Выбрать главу

Покидая Гильдию со списком, сунутым за обшлаг рукава, Джеймс задержался у гильдейской «Дороги славы» — галереи портретов знаменитых баши-бузуков. Чем-то выставка напоминала разыскные пюпитры у мушерифата. Должно быть, манерой художника — здесь, вне сомнений, тоже потрудился Кемаль, племянник Азиз-бея.

На третьем сверху портрете красовался Дядя Магома.

Если верить подписи, шестикратный «Золотой Ятаган», дважды «Волшебное копье», учредитель турнира «Моргенштерн Бадандена», сопредседатель Гильдии и все такое. За спиной Дяди Магомы художник изобразил стены из розового туфа, полированные двери, вертикальную надпись, сделанную рунами, резные коньки крыши — короче, храм, который Джеймс узнал с первого взгляда.

Храм Шестирукого Кри.

* * *

На южной окраине Бадандена смотреть было не на что. К прохожим тут не бросались уличные торговцы, наперебой предлагая вино и шербет, несгораемые веера из перьев феникса и амулеты из чешуек, добровольно отданных великодушными драконами, медовую самсу — и, конечно же, вездесущую халву.

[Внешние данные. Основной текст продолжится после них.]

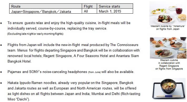*In-flight menus are for March-May 2015 * Services may be different on early morning or late night flights *Services are subject to change

Не орачи зазывалы, тщась затащить клиента в бесчисленные лавки, лавочки и лавчонки, чайханы, духаны и духанчики.

Да и прохожих здесь: раз, два — и обчелся.

Вернее, даже раз — и все. Долговязый бездельник в замызганном халате, топавший впереди Джеймса, минутой раньше свернул в проулок. Молодой человек остался на улице один.

По обе стороны тянулись высокие дувалы: глухие, неприветливые, радуя глаз разве что разнообразием материала, из которого их сложили. Ядовито-желтый и пористый ракушечник, кирпичная кладка, обожженная на солнце глина; облупленная штукатурка местами открывала грубо тесанный туф… От незваных гостей, имеющих обыкновение лазить через заборы, хозяева обезопасили себя всяк на свой манер: сверкали на солнце клыки битых стекол, торчали ржавые штыри, загнутые наружу и острые на концах, заплетали верх стены лианы крю-колиста…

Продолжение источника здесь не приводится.